A less frequently used regimen is quadruple therapy, consisting of bismuth plus metronidazole, tetracycline, and a PPI administered for 10 days. It has been suggested as an alternative to PPI triple therapy. The most recent US study of quadruple therapy, performed in 1999 and published in 2003, used a single-capsule preparation containing bismuth, tetracycline, and metronidazole. The H pylori eradication rate was 87.7% (n = 138; 95% CI, 82.2%-93.2%) and the results were not significantly different from the eradication rate with PPI triple therapy.⁷ With changes in resistance rates, these data may not be valid almost a decade later.

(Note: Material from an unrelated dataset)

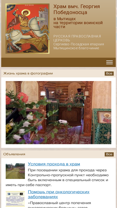 79%официальный сайт прихода храма великомученика и георгия победоносца в мытищах. храм расположен на территории воинской части.

Sequential Therapy . Sequential therapy is a novel approach for H pylori treatment and consists of 10 days of treatment with a PPI, plus amoxicillin for the first 5 days and a combination of clarithromycin and tinidazole for the second 5 days (Box).⁸ Sequential therapy is based on observations made when 2-drug therapies (PPI plus amoxicillin) were the standard of care for treating H pylori.⁹ The combination of PPI and amoxicillin led to many treatment failures and the eradication rate achieved with a therapeutic strategy of initially administering 14-day dual therapy (PPI plus amoxicillin) followed by 7-day triple therapy in individuals in whom the original therapy failed was significantly greater than the reverse sequence (7-day triple therapy as an initial strategy with 14-day dual therapy for failures).⁹ In a study involving 300 patients with H pylori infection who were randomized to sequential therapy or triple therapy, the eradication rate with the sequential regimen was statistically significantly greater than with the standard treatment regimen for the intention-to-treat analysis: 89% (95% CI, 83.6%-93.7%) vs 77% (95% CI, 70.6%-84.0%; P = .01).¹⁰ A series of randomized controlled trials from Italy have shown that eradication rates are high with this approach.⁸ A recent meta-analysis of 10 trials found an eradication rate of 93.4% (95% CI, 91.3%-95.5%) with sequential therapy compared with an eradication rate of 76.9% (95% CI, 71%-82.8%) with PPI triple therapy, despite publication bias.¹¹

Preliminary data from open-label studies in Spain¹² (n = 139; eradication rate, 84.2%; 95% CI, 77%-90%) and Taiwan¹³ (n = 129; eradication rate, 89% [95% CI not provided]) appear to confirm the results of previous studies.^{8 - 10} A noteworthy finding is that the sequential therapy regimen appears to be effective in patients with documented clarithromycin resistance. In the largest trial reported to date (n = 300), the eradication rate was 89% in patients with H pylori infection that was resistant to clarithromycin who were treated with sequential therapy (n = 9) compared with 29% among those treated with triple therapy (n = 21).¹⁰ Adverse effects were comparable with the 2 treatment regimens (17% in both), and the cost of the new treatment regimen was lower than triple therapy because clarithromycin was used for a shorter period and the other antimicrobials are available as generics.¹⁰ The complexity of the sequential therapy regimen is a potential disadvantage, but adherence in clinical trials and routine clinical practice was comparable with triple therapy.^{10 ,12}

Other Treatment Strategies . Two other antimicrobials have been suggested as potential agents for treatment of H pylori infections when initial therapy fails (salvage strategies). These are levofloxacin and rifabutin. Levofloxacin has been used in triple therapy (in combination with a PPI and amoxicillin) as a salvage regimen when conventional therapy fails.¹⁴ Resistance develops rapidly, however, and recent reports suggest that resistance rates may already be high, limiting the potential use of levofloxacin as a frontline treatment.² Rifabutin has a role as a salvage agent among patients in whom eradication therapy with other regimens has failed and who have multidrug-resistant strains.¹⁵

Traditional therapies for H pylori infection are failing as resistant strains of H pylori become more prevalent. Sequential therapy is a novel treatment approach that deserves consideration as a treatment strategy for H pylori infection.